Lassen Sie mich zum Abschluss noch einige Worte sagen, warum ich mich vehement für die Wahrnehmung

der Verantwortung durch die Landesregierung einsetze. Die Bedeutung der Theater geht weit über diese selbst hinaus und das ist bei Vorrednern auch schon angesprochen worden. Circa 20 Prozent der Besucher sind Touristen. Theater und Orchester sind noch ein Aushängeschild für unser Land, von denen wir eigentlich viel mehr bräuchten. Was hier aber betrieben wird, bewirkt genau das Gegenteil. Das Institut für kulturelle Infrastruktur in Sachsen führte im vergangenen Jahr eine Untersuchung zu „Kultur im ländlichem Raum“ durch, übrigens eine nachahmenswerte Analyse. Empirisch belegt kommt diese Studie dann zu folgendem Schluss: „Die Summe der Urteile über eine Region, also das Image, wird durch die Bewohner und Besucher immer auch und vor allem im Sinne von Kultur- und Freizeitwert betrachtet.“ So nachzulesen in „Kultur im ländlichen Raum“, erschienen in Leipzig im Jahr 2000, auf Seite 37.

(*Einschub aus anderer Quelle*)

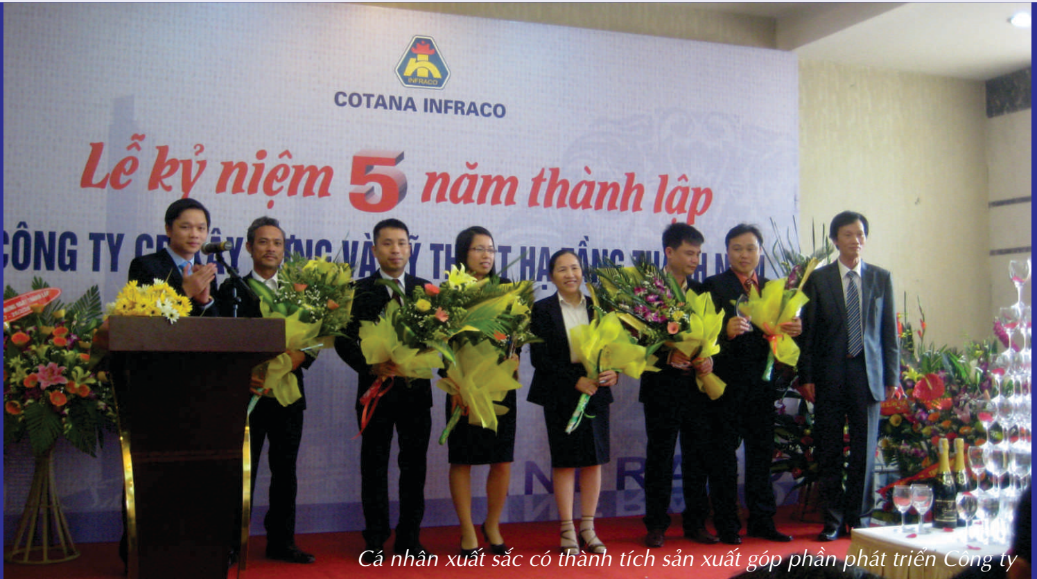
Cá nhân xuất sắc có thành tích sản xuất góp phần phát triển Công ty

05 năm không phải là dài cho một thành công cũng không phải là ngắn so với những khó khăn, gian lao mà ban lãnh đạo cùng toàn thể cán bộ công nhân viên của Công ty Cổ phần Xây dựng và Kỹ thuật Hạ tầng Thành Nam (COTANA INFRACO) đã trải qua.
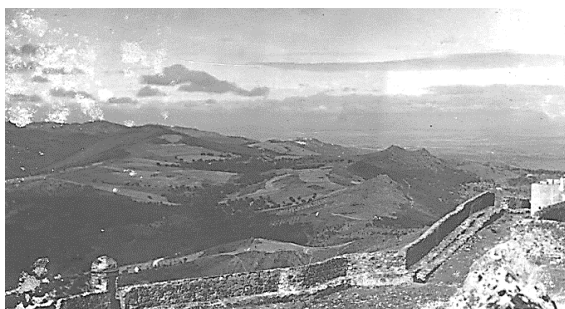
Fig. 2 – Panorâmica dos arredores de Marvão, obtida a partir das muralhas do castelo.

Por vezes as nuvens passam rápidas e encostadas aos telhados. Mas de repente abrem-se e vê-se que por cima estão outras com uma luz deslumbrante. É frequente descerem à terra, ficar cá em cima o castelo cheio de sol no céu azul e, em volta, lá por baixo um mar de nuvens, branco, parado. Então, sopra um vento que, rugindo pela muralha acima, as atira com violência para o céu, em jacto contínuo, como vapor duma caldeira. Mesmo nos dias sem bulir de aragem, atira-se um chapéu para fora da muralha ele volta para trás. (p. 482)
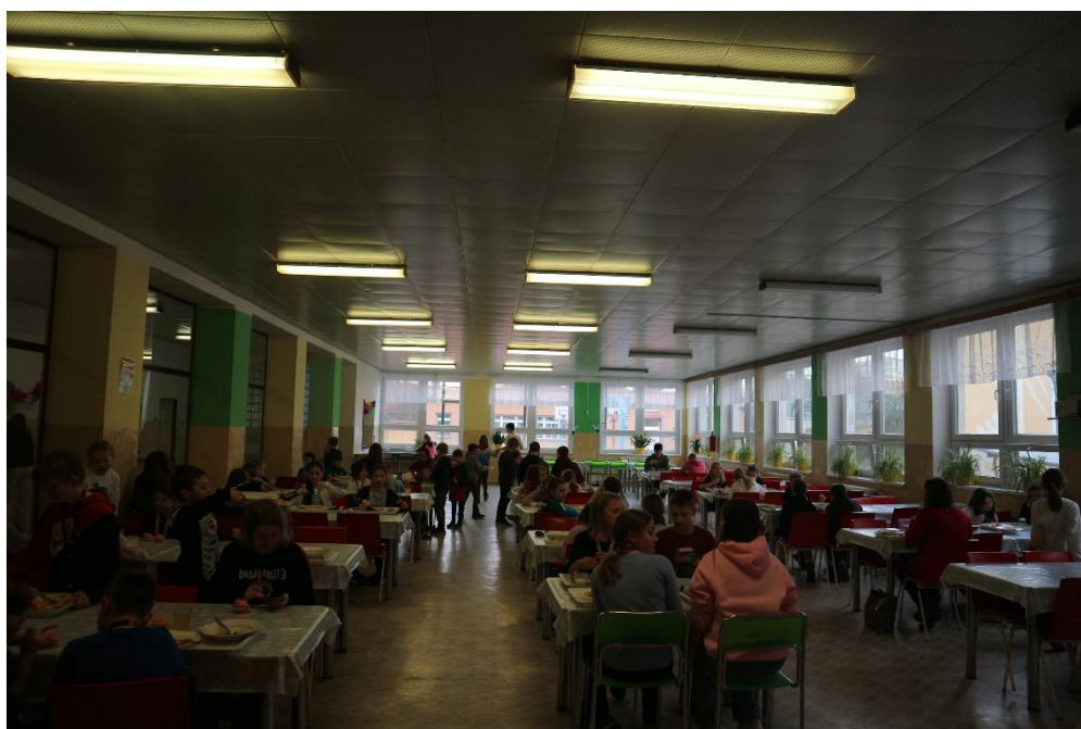
18...Jídelna v 1. NP. s patrnými sloupky zděnými z CD IVA
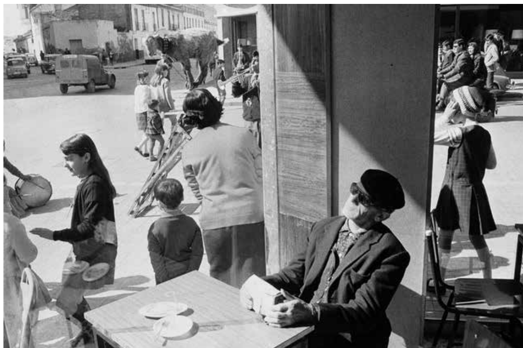
Joel Meyerowitz / Blind Man, Spain, 1967

Scrivi in maniera sintetica utilizzando una calligrafia leggibile.
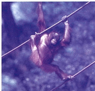
つなわりをする オランウータン

Es sind die viel zitierten weichen Standortfaktoren, an denen Sie sich gerade durch Konzeptionslosigkeit versündigen. Für infrastrukturelle Entscheidungen sind auch kulturelle Faktoren entscheidend. Gerade Technologieunternehmen mit hochqualifiziertem Personal fragen diese Faktoren nach. Und, meine Damen und Herren, ich bin mir sicher, dass auch die Stadt Schwerin bei BMW mit dem Staatstheater geworben hat.

(Dr. Armin Jäger, CDU: Ja natürlich.)

Peinlich wird allerdings die Sache, wenn die Stadt bald ohne Orchester dastehen würde. Wir hoffen aber alle, dass es nicht so kommt.